Los ingresos de OpenAI, mientras tanto, crecen a otro ritmo y pasaron de 4.000 millones en el primer semestre de 2025 a 25.000 millones anualizados en marzo de 2026. Multiplicar por seis en doce meses suena fantástico, hasta que uno mira los costes y descubre que se gasta el doble de lo que ingresa.

OpenAI no corre sola. Tiene dos rivales que le pisan los talones, ambos americanos. Google, con su modelo Gemini, ha despertado del letargo y es el principal gasto del grupo Alphabet: 85.000 millones de dólares de capex en 2025, los previstos por sus propios estados financieros para alcanzar a GPT que sigue siendo el líder. Tiene caja, tiene chips, tiene datos y tiene paciencia.
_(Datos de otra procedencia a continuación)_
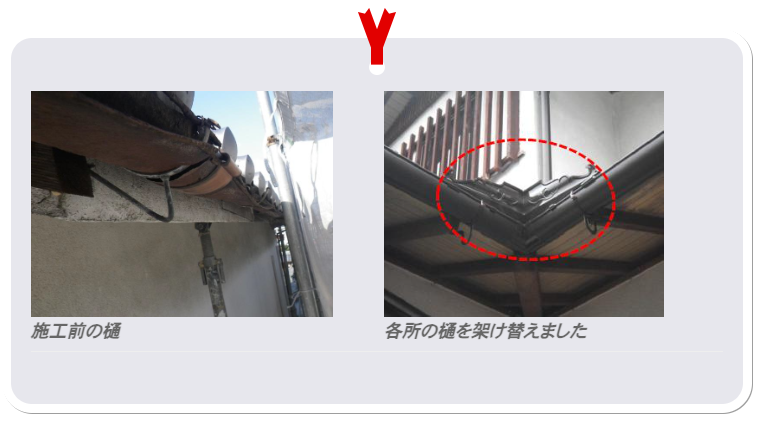 今回こだわったのが「樋」(とい)でしたが、わざわざ樋の見本を送っていただきましたし、「このメーカーのこの番手のこの色でお願いします」ときっちり決められるように配慮してくださったのです。結果、イメージ通りの「樋」が付きました。 |

Mucha paciencia.

Y luego está el invitado inesperado: Anthropic, fundada por exempleados de OpenAI que se fueron en 2021. Su modelo, Claude, se ha convertido silenciosamente en el favorito de las grandes corporaciones. Amazon le ha metido 8.000 millones y acaba de ampliar su acuerdo para dejarle usar sus centros de datos. Google le ha puesto otros tantos. Anthropic levantó en 2025 una ronda de 30.000 millones a valoración de 380.000. Su facturación se multiplicó por nueve en un año. En entornos profesionales, ya se usa más que ChatGPT. De su modelo estrella: Claude, y de por qué negocio puede acabar siendo el más sólido de los tres, hablaremos en la próxima entrega.

La inteligencia artificial está en su fase Amazon-1999. Tres compañías —OpenAI, Google y Anthropic— van a quemar entre las tres más de medio billón de dólares en los próximos cinco años intentando convertirse en el ganador único de un mercado que aún no existe del todo. Dos de ellas perderán. Una se quedará con la mayor parte .

Que nadie se engañe: los inversores europeos no están en esta partida. No porque no quieran, sino porque no pueden. La capacidad de financiar pérdidas durante una década con la promesa de un monopolio futuro es, hoy por hoy, una ventaja competitiva que solo Estados Unidos posee. Mientras Bruselas debate si regular o no los algoritmos, en Texas se están enchufando los próximos centros de datos. La pregunta no es si OpenAI ganará dinero algún día. La pregunta es quién quedará en pie en 2030.